I then started a mental conversation with Jesus, first asking Him to heal me and give me my strength back, and soon. I also reminded Him I was supposed to be in a suit and tie, giving a story packed speech that evening and every night that week before an audience of nicely dressed banquet guests who would be severely distracted if, in the middle of the speech, I had an accident or had to rush out to the nearest bathroom.

I was still mentally explaining my suffering to Him when the thought came, “Yes, I know.” And into my mind popped a vivid picture of Jesus grabbing some leaves and hurrying behind a boulder along the Jericho road to relieve Himself for the umptieth time while the disciples grinned knowingly.

Yes, the divine Jesus was also fully human and suffered the same problems we tend to suffer. “We don’t have a priest who is out of touch with our reality. He’s been through weakness and testing, experienced it all—all but the sin. . . . Though He was God’s Son, He learned trusting-obedience by what He suffered, just as we do” Hebrews 4:15, 5:8 (MSG).

Jesus2Meaning He was tempted to complain about being afflicted with infections and the resulting weaknesses especially when He was busy in ministry.

The next mental picture I got was of Jesus rejoining his disciples and laughing at his predicament.

I, however, was not laughing. I was not only tempted to complain, I did so, frequently, bitterly, and at length. I also claimed healing faithfully, but then doubted His willingness to instantly heal me since day after day nothing positive seemed to be happening. No, not a pretty picture.

It’s now a week later and after a five-day liquid diet, I’m happy to report my digestion is back on track. I’m thankful that there were no distracting accidents or interruptions during any of my five speeches although my presentations were noticeably weaker and less peppy.

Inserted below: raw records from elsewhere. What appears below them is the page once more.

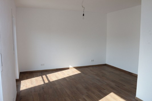 lichtdurchflutetes Wohnzimmer mit Möglichkeit, einen Kamin anzuschließen.
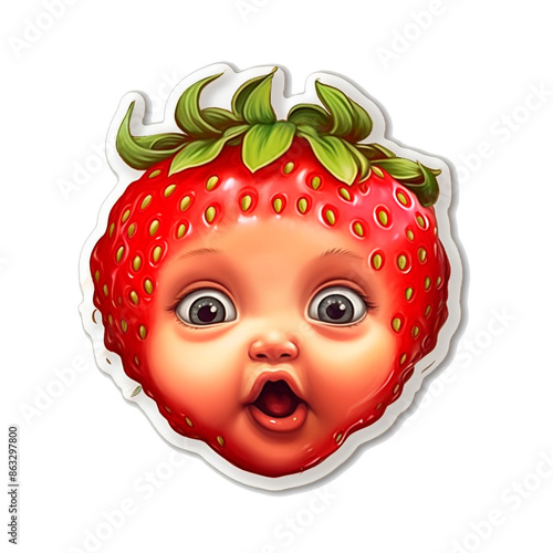 Obraz premium Strawberry Fruit Image with Child's Face, for Stickers, T-shirt Print, Cap,...
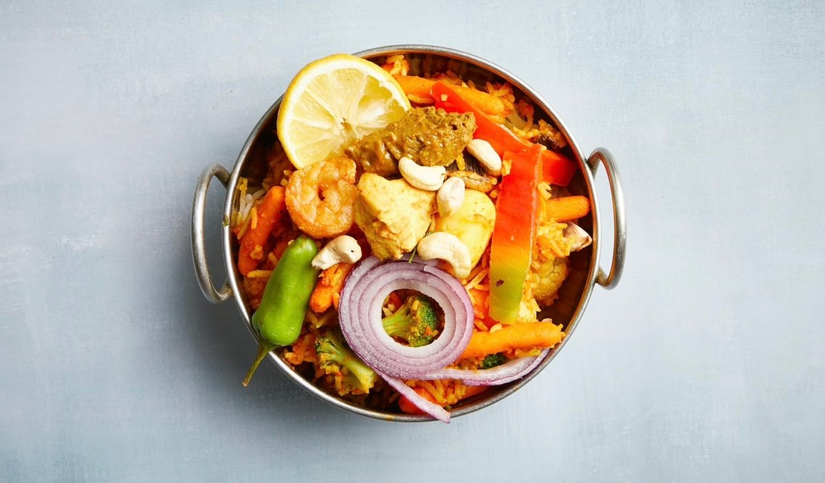 Marineret Beef, kylling og kongerejer med stegte kartofler, biryani-masala og friske krydderurter. Serveres med ris.
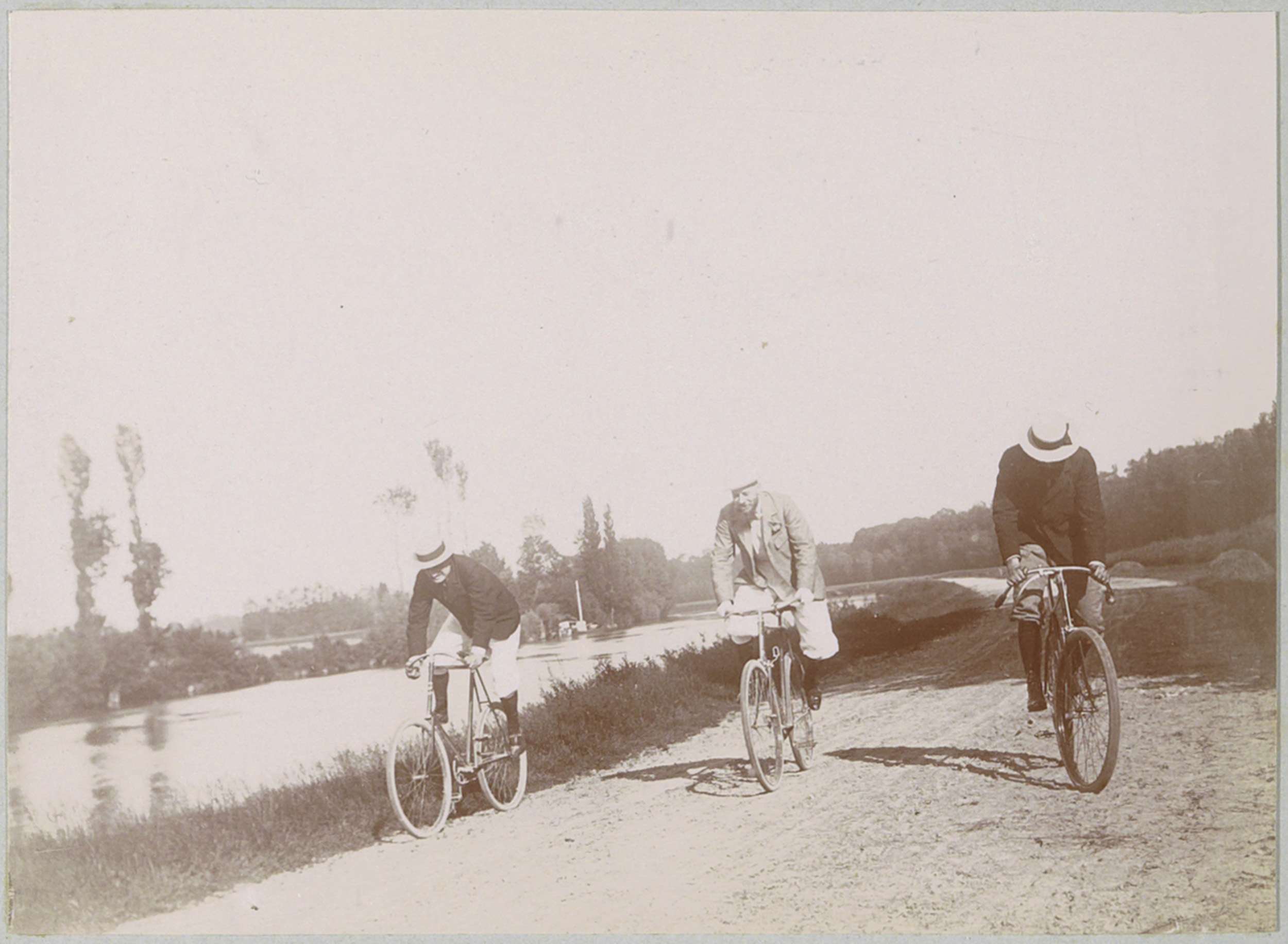 Drie mannen op fietsen langs een rivier bij Pontoise

I’m also thankful that I got a clearer view of the humanity of Jesus. He was not the thoroughly healthy figure in impeccably spotless white robes, wearing a halo and a devout expression so often pictured in paintings and biblical illustrations.

He looked and smelled a lot more like a Brazilian peasant farmer trudging back from his field to his village at sunset. Sweat stained shirt, dirt streaked pants, and feet the color of the soil they had been tramping since dawn.

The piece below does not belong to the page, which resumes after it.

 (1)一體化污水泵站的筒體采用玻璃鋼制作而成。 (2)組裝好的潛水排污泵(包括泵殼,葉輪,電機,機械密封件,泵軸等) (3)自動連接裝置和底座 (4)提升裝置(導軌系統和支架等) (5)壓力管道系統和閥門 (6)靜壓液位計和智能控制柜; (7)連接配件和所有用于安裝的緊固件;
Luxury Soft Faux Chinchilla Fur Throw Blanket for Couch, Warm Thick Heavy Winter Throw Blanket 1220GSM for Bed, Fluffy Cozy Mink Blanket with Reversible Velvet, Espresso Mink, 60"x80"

Jesus traveled and ministered out in the open air. He also lived there. He and His band of young men slept on the ground, the grass, or the sand many nights, close to the dirt and dust of the earth. That showed on their clothes. He had dirt under his fingernails, and in many other places. He was often dead tired, falling to sleep instantly and soundly even in a tossing boat during a storm.

You know how when you go camping for the weekend you tend to feel gritty and grunky, smelling of sweat and campfire smoke? Then, when you get home, one of the first things you do is have a shower and put on clean clothes, right? Now think of going camping without a tent, sleeping bag, pillow, propane stove, lamp, flashlight, or canned food, and hiking 15 miles a day, week after week for months. That’s what it was often like for Jesus and His band.

In comparison, my problem was a mere inconvenience. Instead of having to walk everywhere, I rode in a van. I slept in an impeccably clean hotel bed every night, and most afternoons, instead of in the sand off the side of the road. I had clean clothes, plenty of liquids, food, medicines, and  . . .

Oh, Lord, forgive my complaining!

Are you complaining about something today?
Jesus says to you, “Yes, I know, I’ve been there too.”